Oh my friend I miss you so. I always think of you, but so much more so lately. The road has been calling, but I can’t seem to answer, for missing your presence on the ride. There’s a big, empty seat where you should be, riding shotgun, and making me laugh so hard I cry. There’s also this big hole in my heart that no one else will ever be able to fill, and it aches so much that at times I can barely breath. And I know it’s only those of us left here on earth that carry this sadness, and this sorrow – this ache, and the grief. I know you’re happy in Heaven. I know you’re rejoicing, and singing, and taking pictures, and loving every minute of being back with John, and your parents, and the loved ones that went on before. I rejoice in that, too, but there are times, like today, when I miss you beyond words. When the ache in my chest threatens to explode, and obliterate what’s left of my heart. When the tears are hot, and seemingly endless, and the memories are so clear I can almost touch them. When I want to call you on the phone, and talk about nothing for hours. When no one but you would understand how I feel. 

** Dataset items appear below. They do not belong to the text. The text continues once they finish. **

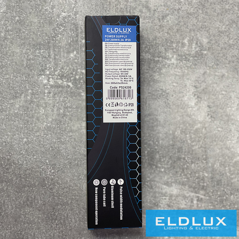 ELDLUX Trafó DC:24V Max.200w/8.33A IP20 208*63*29mm
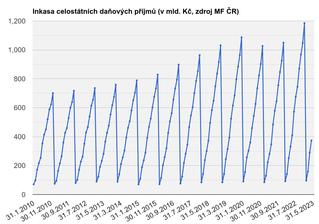 Podívejte se na politickou kleptokracii Řecka pod exekučním vedením bankovní Trojky a na dnešní Ukrajinu, pod vedením NATO. Viz hesla "Ukrajina" "bankovní Trojka" a "Řecko" ve vyhledávání článků. Článek Řecko předává suverenitu státu mezinárodním bankéřům jsme psali už v roce 2013. Teď nás čeká stejný scénář, tak se na něj podívejme. Otázka dluhů je jednoduchá jak facka. Můžete se zadlužit jen do výše reálných příjmů, pak o všechno přijdete. A ty příjmy musí být reálné, a ne vylhaný rozpočet pětikolky, který hezky kritizovala Babišova exministryně financí, Alena Schillerová (ZDE). Takže Stanjura lže a jistěže nekrade, já tomu chlapci zcela věřím. Lžeme a krademe, což je dobrý základ pro fantastické dluhové hospodářství, kterým přijdeme o suverenitu státu. O tu digitální a informační suverenitu jsme již díky pitomosti současných poslanců již přišli. Viz článek Jak shnít zaživa aneb V jaké zemi žijeme (3. díl). Je to na dobré řecké cestě, podívejte se ten článek a pochopíte proč. A nyní k tomu dluhu, začněme daňovými příjmy státu v desetiletém porovnání:
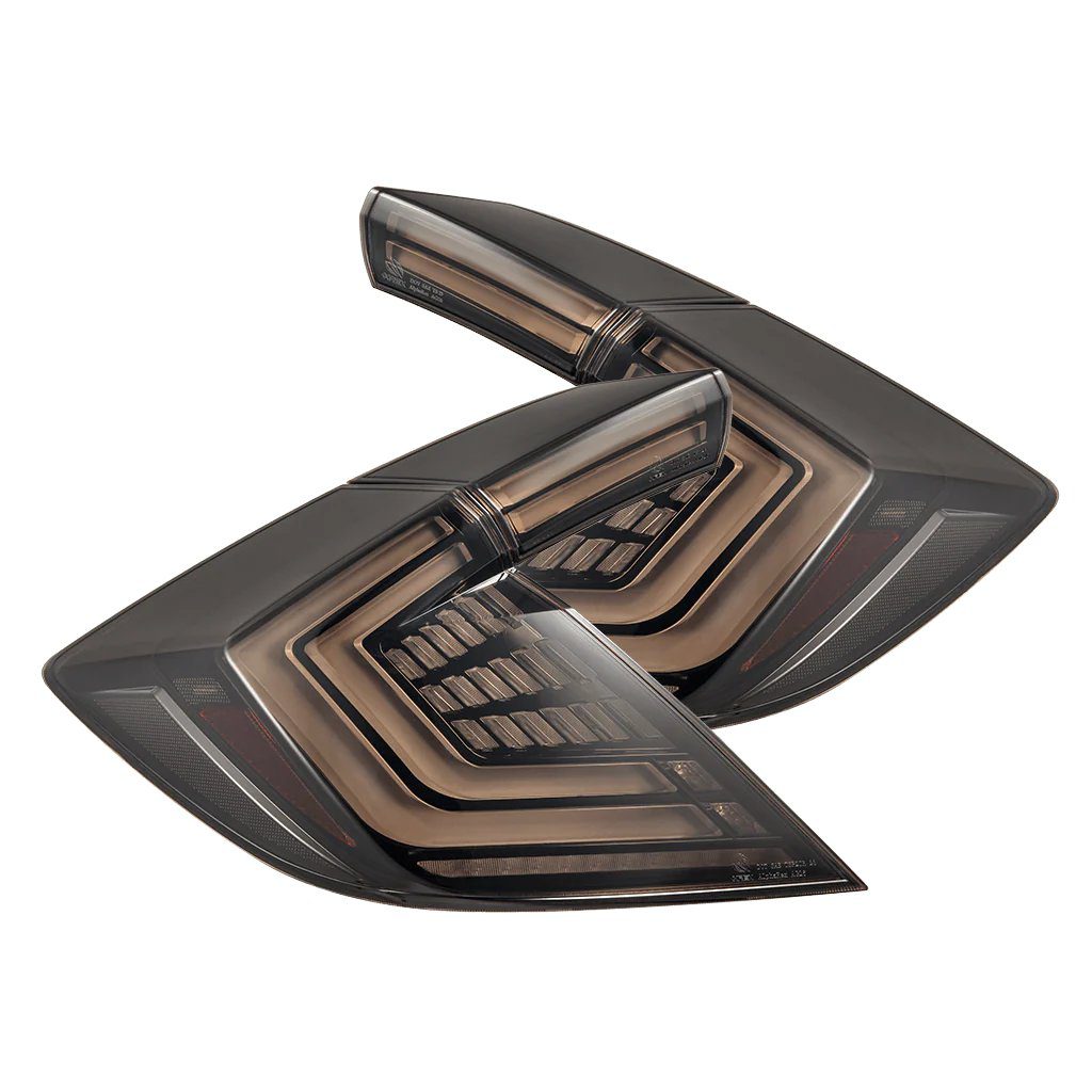 AlphaRex introduces the 10th-gen Honda Civic Hatchback NOVA-Series Prismatic LED Tail Lights, a groundbreaking innovation incorporating prism optics technology to enhance both aesthetics and functionality for the Civic FK. These tail lights feature dual LED tubes that serve as red parking lights, with trapezoidal prisms in the center creating a modern 3D effect during the day, while also functioning as red brake lights. Positioned at the ends of each dual LED tube, two prisms provide white LED reverse lights for optimal visibility in low-light conditions. Additionally, a clear LED bar at the bottom offers flexibility, functioning as either a sequential or blinking amber turn signal. Designed to seamlessly integrate with Civic FK hatchback models, the NOVA-Series Prismatic LED Tail Lights elevate the contemporary look of the 10th-gen Honda Civic while delivering advanced lighting performance.
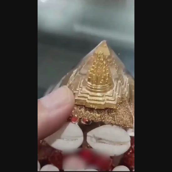 Handcrafted from pure crystal, this pyramid combines the Shree Yantra, known as the cosmic map of wealth and divine feminine energy, with the Gomati Chakra, a rare shell believed to be blessed by Lord Vishnu. Together, they form a potent tool for attracting blessings, dispelling negativity, and aligning your space with higher vibrations.
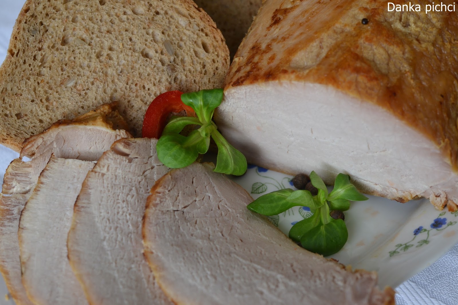 Zazwyczaj wędlinę kupuję w sklepie, ale czasami próbuję zrobić w domu własną. Jakiś czas temu robiłam schab gotowany w majonezie (przepis), a tym razem przygotowałam schab pieczony. Dzięki temu, że mięso jest zapiekane w woreczku to się nie wysusza i wędlina jest soczysta oraz miękka, a poza tym nie zawiera różnych konserwantów i ulepszaczy smaku jak te sklepowe. Świetnie nadaje się do kanapek jak też na świąteczne przyjęcia! 🙂
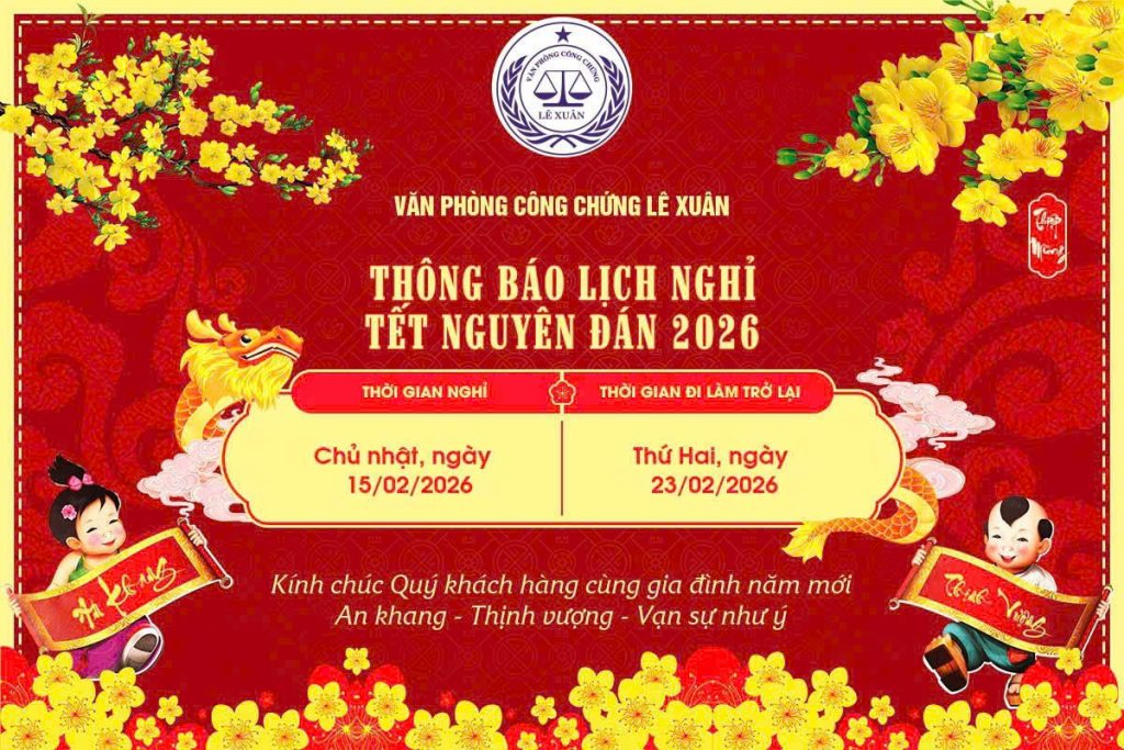 Văn phòng công chứng Lê Xuân trân trọng thông báo tới quý khách hàng lịch nghỉ Tết âm lịch 2026. Kính chúc quý khách hàng và đối tác đón Một mùa Xuân mới mạnh khỏe, an khang thịnh vượng vạn sự như ý!

There are so many things I want to tell you. So many things I just need to talk about. I need to hear your voice. I need my friend. 

There are those who think I talk about you too much, or miss you too much, or that I should have moved on with my life. And I have, for the most part. I have moved forward. I’ve made some new friends, and there are days I’m sincerely happy, but you are never far from my thoughts. There are those who will never understand our friendship, and how much it meant to me. I hope they never have to understand it through my eyes. I hope they never have to lose someone who was such a huge part of their lives. I hope they never have to grieve like I’ve grieved for you. I wish no one had to lose their best friend. Their sister at heart. I wish. . .  oh I wish. I wish you were here.